By mid-February, Covered California wants to sign up 500,000 more people to private health plans, in addition to the 1.2 million who did so during the first open enrollment.
Statewide, 62% of those who remain without insurance are Latino, according to a survey by the Kaiser Family Foundation.
About half of those people aren’t U.S. citizens or legal residents, so they can’t get insurance through the exchange or Medi-Cal. Among those who are eligible, 37% said they were at least somewhat worried that signing up for health insurance would draw attention to their family members’ immigration status.
Hugo Ramirez, who manages Covered California outreach for nonprofit group Vision y Compromiso, remembers a man who called a radio talk show that Ramirez was appearing on last year. The caller said he was a U.S. citizen but his wife was not.
“I’m afraid that if I give this information it’ll be used against her,” Ramirez recalls the man saying.
A Latina in Bakersfield, in a recent consumer survey, told the California HealthCare Foundation she felt Obamacare might be a trick to get undocumented immigrants to apply and identify themselves.
In March, President Obama went on the Spanish-language TV network Univision to assure Latinos that information would not be turned over to immigration officials. The federal government has deported more than 2 million people since Obama took office.
During the first open enrollment, the exchange urged outreach workers to carry a letter from U.S. Immigration and Customs Enforcement echoing Obama’s promise. But that agency letterhead merely made some people more nervous, Lee said.
This time, Lee said he’s drafting letters on immigration bearing the names of Covered California and immigrant-rights groups that are well respected in the Latino community.
Covered California had already altered its advertising to promote in-person assistance at local clinics and churches because Latinos weren’t always comfortable discussing immigration issues over the phone or online.
The exchange credited that shift in marketing for a boost in enrollment. The exchange had signed up 75,000 Latinos by the end of December, drawing criticism from state lawmakers and other health-law supporters. The state’s total grew to 367,000 by mid-April.
Bigger penalties for the uninsured might also be a motivating factor in the months ahead. The fine for going without coverage increases next year to $325 per adult or 2% of household income, whichever is greater.
Another challenge is enrolling Californians who have grown accustomed to living without health insurance.

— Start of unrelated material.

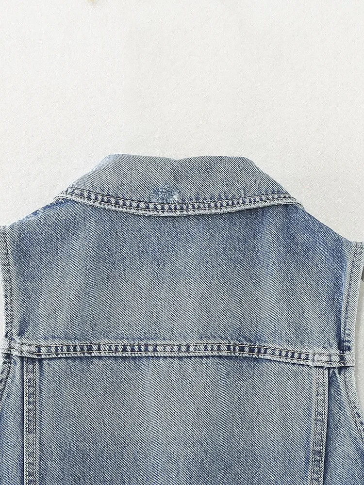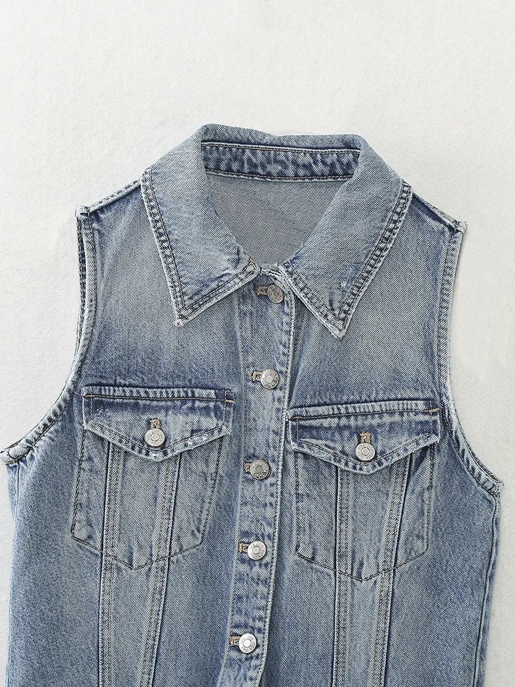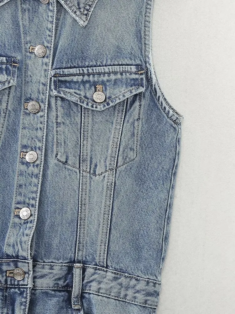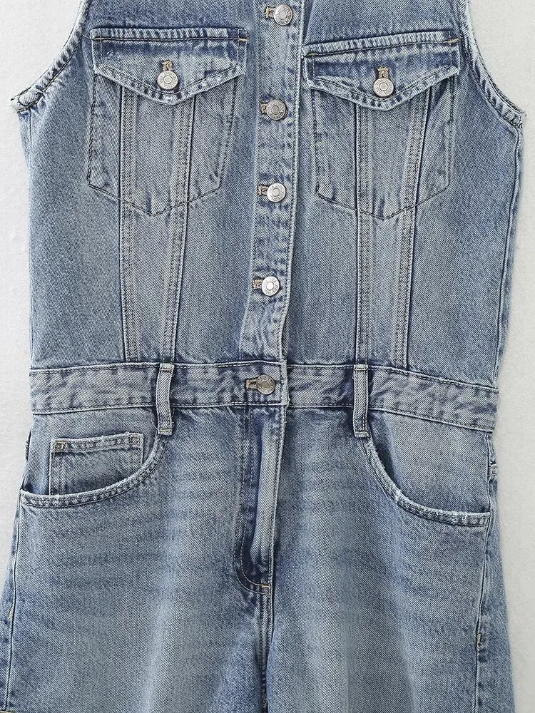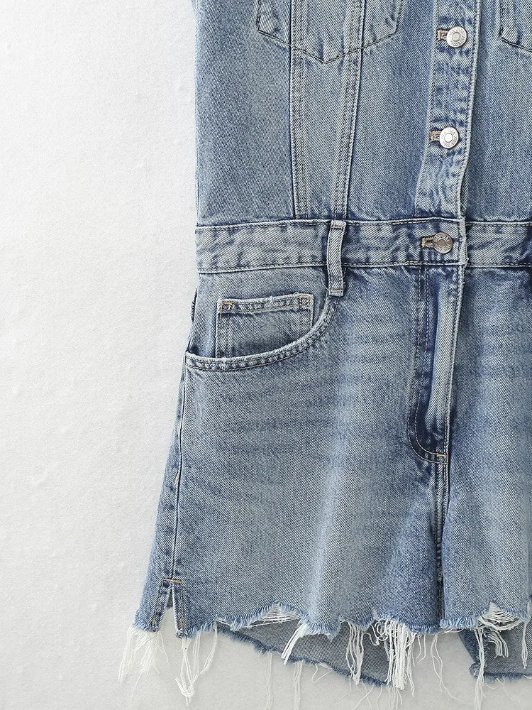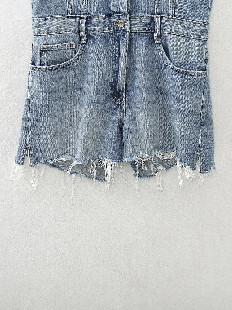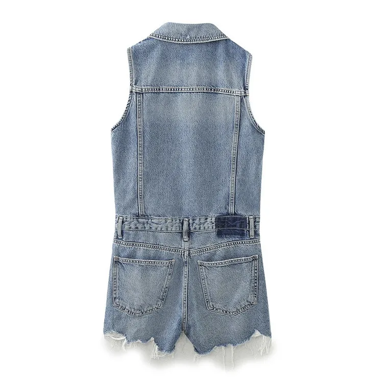 Short Overalls Jeans Turn-Down Collar Sleeveless High Waist Tassel Denim Jumpsuits For Women

They may pay cash at local clinics or travel to Mexico for care.
Nearly half of the remaining uninsured in California have been without coverage for two years or more, according to the Kaiser Family Foundation.
The Saldana family has learned to cope without insurance, said Lilian Saldana, and she recently took her mother to a neighborhood clinic for a physical. But she worries about what will happen if either of her parents suffers a serious illness.
“My family’s being held back whether I apply for it or not,” she said. “There’s nothing I can do about it.”